## Recorded data

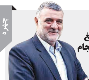
وزیر جهاد کشاورزی:

واکنش سریع هنگام وقوع زلزله می تواند شما را از جراحات احتمالی محافظت کند. حداقل دو بار در سال، پناه گیری را تمرین کنید.
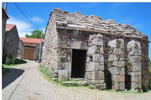
Forno Comunitário de Tourém
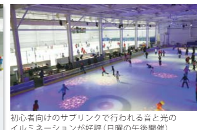
初心者向けのサブリンクで行われる音と光のイルミネーションが好評(日曜の午後開催)
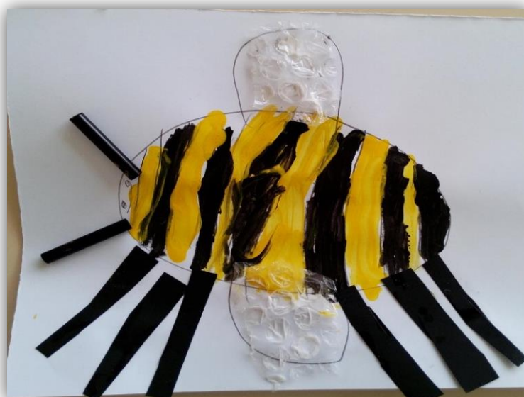
Figura 4.15- Abelha da criança C7 com as asas feitas de plástico bolha

No que se refere as asas, ao contrário das patas, não houve nenhuma criança que se tivesse esquecido de as desenhar. Observámos que as crianças optaram por escolher os materiais transparentes que se encontravam na mesa para completar esta parte da abelha, pois sabiam que as asas eram transparentes, através da morfologia anteriormente descrita. Neste caso, a maioria das crianças optou por utilizar o plástico bolha, onde desenhavam e posteriormente recortavam a forma das asas para colar no registo (figura 4.15). Algumas crianças optaram por utilizar a mica, mas nesta houve uma maior dificuldade, pois o material era difícil de manusear e recortar. Houve ainda um número significativo de crianças a pintar e a desenhar as asas com as cores que mais gostavam.
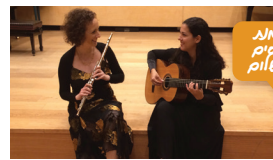
הפסנתר כלאסיים אולם kll

יצירות מקוריות מאת שש מלחינות ישראליות: רוני רשף, אביה קופלמן, חנה אגיאשווילי, דלית רייך, ענבר גולן ואור קדישזון
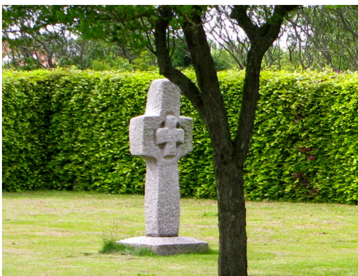
Anonyme gravsteder for kister og urner.

## WHAT IS REQUIRED
Here the job is to retype exactly the lines that start at the one containing "הפסנתר כלאסיים אולם kll" and run through the end of the records above, leaving out pictures.

## OUTPUT FOR THIS TASK
הפסנתר כלאסיים אולם kll

יצירות מקוריות מאת שש מלחינות ישראליות: רוני רשף, אביה קופלמן, חנה אגיאשווילי, דלית רייך, ענבר גולן ואור קדישזון
Anonyme gravsteder for kister og urner.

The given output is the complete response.